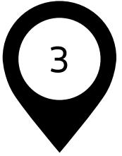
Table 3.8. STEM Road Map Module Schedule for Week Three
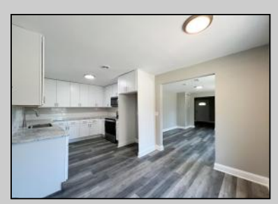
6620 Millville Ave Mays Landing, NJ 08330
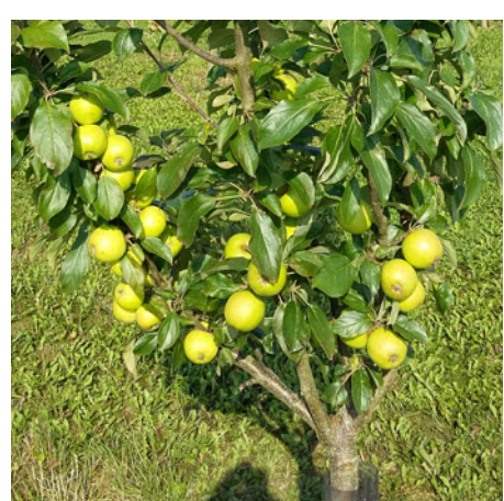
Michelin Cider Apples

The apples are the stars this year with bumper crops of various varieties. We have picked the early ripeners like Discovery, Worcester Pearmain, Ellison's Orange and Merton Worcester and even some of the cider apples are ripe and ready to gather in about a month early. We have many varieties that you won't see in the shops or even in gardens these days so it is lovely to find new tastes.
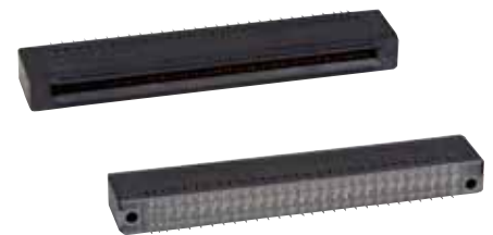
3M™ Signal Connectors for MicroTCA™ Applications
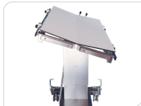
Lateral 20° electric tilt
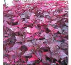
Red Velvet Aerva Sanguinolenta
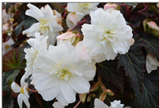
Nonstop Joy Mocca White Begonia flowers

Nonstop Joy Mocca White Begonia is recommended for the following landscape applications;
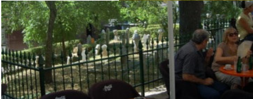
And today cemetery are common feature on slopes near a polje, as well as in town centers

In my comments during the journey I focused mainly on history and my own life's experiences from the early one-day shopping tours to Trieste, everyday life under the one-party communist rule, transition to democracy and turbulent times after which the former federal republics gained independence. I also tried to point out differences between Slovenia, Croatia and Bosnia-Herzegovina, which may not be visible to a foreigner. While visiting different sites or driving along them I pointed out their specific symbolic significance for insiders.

- - -

▶ WORK REQUEST
Look for the string "Begonia" in the entries above. Copy every line that has it.

▶ EXERCISE RESPONSE
Nonstop Joy Mocca White Begonia flowers
Nonstop Joy Mocca White Begonia is recommended for the following landscape applications;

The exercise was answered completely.